純・情・愛・人
ふいに意識が戻ったとき。陽差しを感じない仄暗さに、真夜中に目が醒めたのかと少しぼんやりしていた。いつ大地を寝かしつけて、お風呂はちゃんと入ったんだっけ。

横になった肌に触れる、柔らかい羽毛と滑らかなシーツの感触。ベッドの広さ。グレーの天井、儚い光のダウンライト。

正気に返って布団をはねのけた。チガウ、自分ノ部屋ジャナイ。

ぐるりと見回して確信する。何もかも変わっていない、飾り気のないインテリアも生活感の薄さも。
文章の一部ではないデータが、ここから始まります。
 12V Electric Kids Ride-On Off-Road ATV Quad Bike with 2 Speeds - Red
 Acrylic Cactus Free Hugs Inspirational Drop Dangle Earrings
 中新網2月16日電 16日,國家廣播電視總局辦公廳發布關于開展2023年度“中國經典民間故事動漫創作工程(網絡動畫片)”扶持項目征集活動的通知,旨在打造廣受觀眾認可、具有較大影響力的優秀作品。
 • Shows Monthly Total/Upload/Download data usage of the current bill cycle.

ここは二人の隠れ家だった、宗ちゃんのあのマンション。

時間と時間が一息に繋がる。気を失ったあいだに連れて来られた?どうして?大地は?!広くんは・・・?!

下着も付けていない素のままの姿で、脱がされた服はどこにも見当たらなかった。胸元に紅い跡が幾つか残っていたけど、それ以上はされていない。迷わずクローゼットに駆け寄る。きっと宗ちゃんの着替えが置いてあるはず。
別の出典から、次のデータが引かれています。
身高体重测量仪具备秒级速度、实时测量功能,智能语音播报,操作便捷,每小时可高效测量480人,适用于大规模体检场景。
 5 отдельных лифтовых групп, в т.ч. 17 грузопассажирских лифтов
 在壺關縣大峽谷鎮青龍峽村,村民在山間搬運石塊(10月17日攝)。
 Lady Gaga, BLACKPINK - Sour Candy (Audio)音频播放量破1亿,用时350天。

折り戸を開くと、スーツカバーの他に、クリーニングのビニールが被ったままのシャツが何枚か吊されているのが目に飛び込んだ。袖を通し、前をボタンで止めたところで人前に晒せる格好じゃないのは百も承知だ。

ドアに鍵が付いていないのも知っている。宗ちゃんじゃない別の誰かが部屋の外で見張っているかもしれない。それでも夢中でドアハンドルに手が伸びた。